Towards Field-Ready AI-based Malaria Diagnosis: A Continual Learning Approach

Malaria remains a major global health challenge, particularly in low-resource settings where access to expert microscopy may be limited. Deep learning-based computer-aided diagnosis (CAD) systems have been developed and demonstrate promising performance on thin blood smear images. However, their clinical deployment may be hindered by limited generalization across sites with varying conditions. Yet very few practical solutions have been proposed. In this work, we investigate continual learning (CL) as a strategy to enhance the robustness of malaria CAD models to domain shifts. We frame the problem as a domain-incremental learning scenario, where a YOLO-based object detector must adapt to new acquisition sites while retaining performance on previously seen domains. We evaluate four CL strategies, two rehearsal-based and two regularization-based methods, on real-life conditions thanks to a multi-site clinical dataset of thin blood smear images. Our results suggest that CL, and rehearsal-based methods in particular, can significantly improve performance. These findings highlight the potential of continual learning to support the development of deployable, field-ready CAD tools for malaria.
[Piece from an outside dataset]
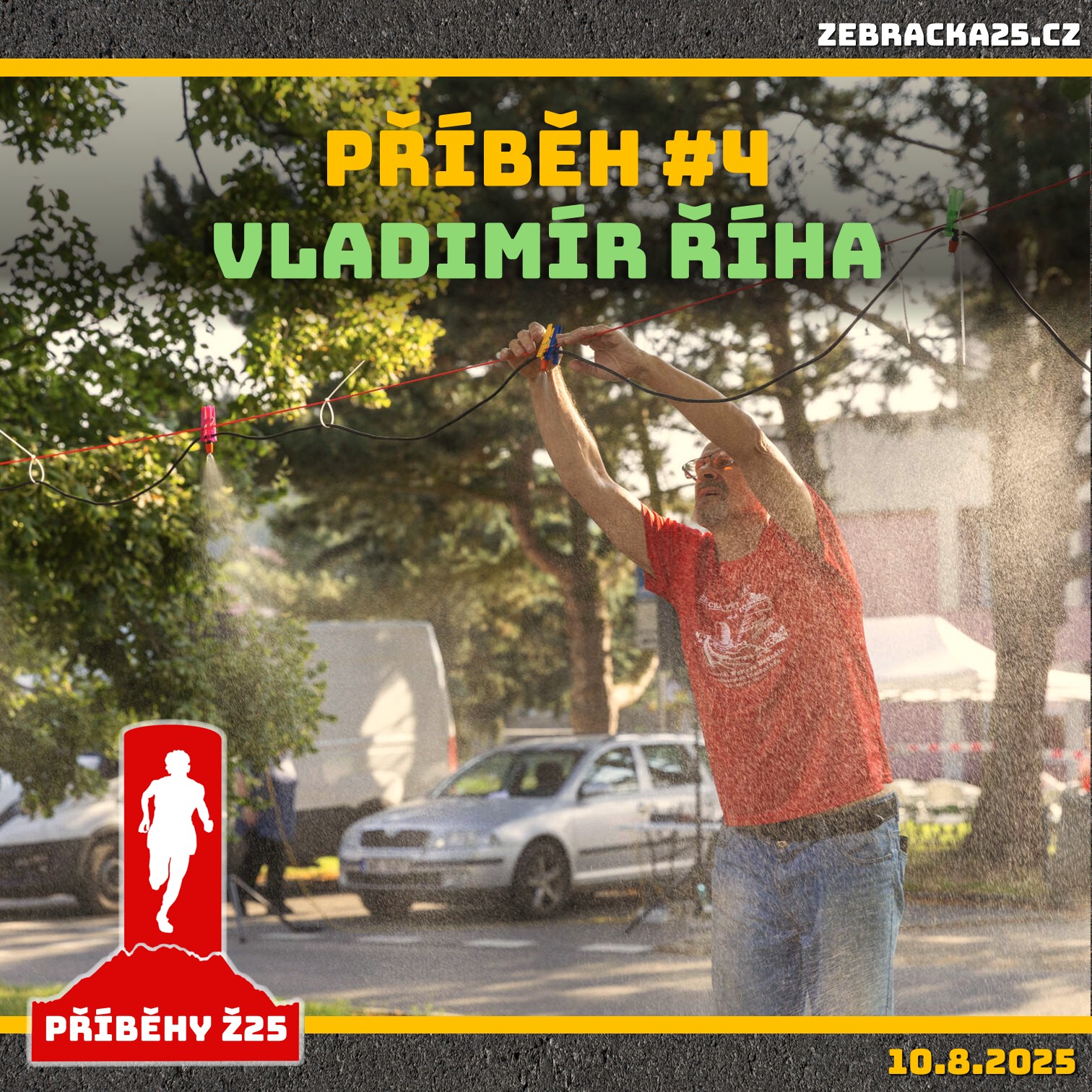 Vladimír Říha, pravidelný účastník Žebrácké pětadvacítky, sportovec tělem i duší, člověk se srdcem na správném místě. Kvůli vleklým zdravotním problémům s vyhřezlou ploténkou nemůže závodit, sportovat atd. Kdo někdy měl tyto problémy ví, o čem je řeč.

Assessing Generalization Capabilities of Malaria Diagnostic Models from Thin Blood Smears

Malaria remains a significant global health challenge, necessitating rapid and accurate diagnostic methods. While computer-aided diagnosis (CAD) tools utilizing deep learning have shown promise, their generalization to diverse clinical settings remains poorly assessed. This study evaluates the generalization capabilities of a CAD model for malaria diagnosis from thin blood smear images across four sites. We explore strategies to enhance generalization, including fine-tuning and incremental learning. Our results demonstrate that incorporating site-specific data significantly improves model performance, paving the way for broader clinical application.